More minor differences in the plot include the fact that the deception in Running Out of Time is much more elaborately carried out, with actors who come in and out of the village with "news" of the outside (c. 1840) world, faked elections, etc. In Running Out of Time, the primary purpose isn't so much escape from the modern world (though that is certainly a motivation on the part of some of the villagers) as a living anthropological study—or at least, that is what appears to be going on at first. The protagonist of Running Out of Time is younger than Ivy in The Village, and there is no character that parallels Lucius. (I think this is significant because I think it's very debatable whether or not Ivy is even the central character of The Village. For the last half hour or so, she is, but for the first half of the movie, it seems to me to clearly be Lucious.) And, of course, there is no parallel for the whole "monsters" plotline of The Village. The Village also does not have a primary antagonist like Running Out of Time, being instead more of a sad commentary on how desperately some people would wish to escape their reality. Running Out of Time, on the other hand, has definite baddies. And at the end of Running Out of Time, the village is raided and disbanded and the parents are fighting to regain custody of their children, all in the modern world, while at the end of The Village there is every appearance that the village will go on.
None of this proves that the similarities between the two works are not theft, but it does, I think, go to show that this statement is simply not correct:
quote:
. . . the movie is, point for point, based on award-winning author Margaret Peterson Haddix's 1995 young-adult novel Running Out of Time.
I would also disagree with this statement:
quote:
With The Village, however, Shyamalan has gotten cocky. The changes are relatively slight.

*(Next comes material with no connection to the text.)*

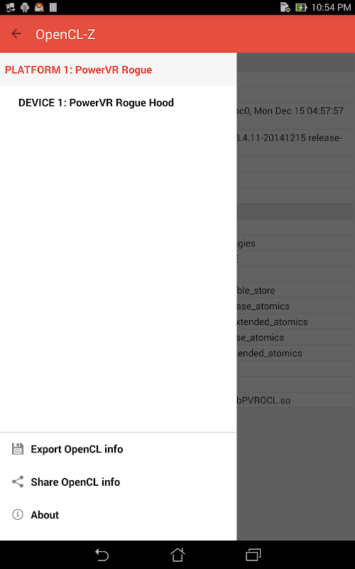 Permohonan ini menyediakan cara yang mudah untuk pemaju untuk memeriksa ketersediaan OpenCL pada peranti. Platform terperinci dan maklumat peranti disediakan. Selain itu, aplikasi ini mampu memberikan prestasi pengkomputeran mentah termasuk ALU (Unit Aritmetik Logik) prestasi dan ingatan prestasi jalur lebar. Ini boleh membantu pemaju cepat memahami kemampuan peranti OpenCL-mampu yang tertentu, dan mungkin berguna untuk ramalan prestasi dan algoritma pengoptimuman.

The resemblances are overwhelming.
I would say the changes are significant, and that the resemblences are also significant, but less than overwhelming.With regard to the slightness of the changes and the overwhelmingness of the similarities, I am reminded of the Catholic doctrine of transubstatiation. According to the doctrine all things possess substance, which is what they are deep down inside, and accidents, which refers to their external characteristics. That there are similarities between these two works is indisputable. Card believes that they are similarities of substance. I would say that the substance of The Village is a story about people who are desperate to hide from the real world–and that theme is made clear time and again long before we know when the story is really set–and what they are willing to sacrifice to isolate themselves from it. The central mystery is not the temporal setting of the village, but the nature of the monsters that keep them trapped. (If you wanna get all lit major on us, the symbolic meaning of the monsters as well. . . . ) Believe it or not, escape from the real world is not a central theme of Running Out of Time; it is an issue for at least one of the characters, but it is not why the village was created. I see the substance of Running Out of Time as a story about a girl thrust into an environment that is familiar to us readers, but totally alien to her. It is also a story about mad scientists and greedy powerful people. So I would say that the similarities here lie in the accidents, not in the substances.
Which doesn't answer the question: is it theft? I clearly don't think Shyamalan can be accused of stealing the entire story, but did he decide to lift just some plot elements, and place them into his own similar story? That's a harder question to answer definitively, if not an impossible one. Here is my take on it. Let's take the similarities one at a time:
  • Surprise! You don't live where/when you think you do! It's been done before, long before Haddix. Heck, Star Trek TNG has done it. And let's not forget The Truman Show, which is in many ways closer in substance to Running Out of Time. I reckon this idea is public domain by now. If he stole it, he doesn't need to apologize for it.
  • Drugs--We need drugs . . . To me this is the most damning point, along with . . .
  • . . . and we need to send a kid to get them! That's pretty specific. As for needing medicine, that a pretty easy dilemma to come up with for a phony antique village in modern times. Sending a kid is an obvious choice for a YA novel . . . but why did Shyamalan do it? Well, one could argue that it's not the same, because Ivy seems to be older than Jessie (the protagonist of Running Out of Time). Then again, I'm not positive what passes for marrying age in The Village. The justifications for sending Ivy—she won't figure out what's going on, because she's blind, and none of us who know what's really going on can go, because we swore an oath and if we go back on it, even to save a life, we will all melt or something—are beyond shaky. Then again, Shyamalan does seem to like putting young protagonists in danger in his films. I dunno; the jury's still out on this one. Night, you got some 'splainin' to do.
  • ♫Who is that girl I see, staring straight back at me. When will my reflection show who I am inside?♪ Have you ever noticed that all female YA protagonists of action-adventure stories are tomboyish? Of course it's a generalization, but a really prissy girl just wouldn't tend to get herself into these kinds of situations.
I can't say for sure, but the core similarities aren't quite enough to convince me that Shyamalan ripped off Haddix. And I strongly believe that if Haddix and Simon and Schuster try to sue, they will not win. Frankly, I don't believe they will sue, but they will talk about it because it draws attention to their novel.
.
Heck, it got me to read it.
.
(hmm . . . I wonder why hard carriage returns don't work in the paragraphs after lists . . . )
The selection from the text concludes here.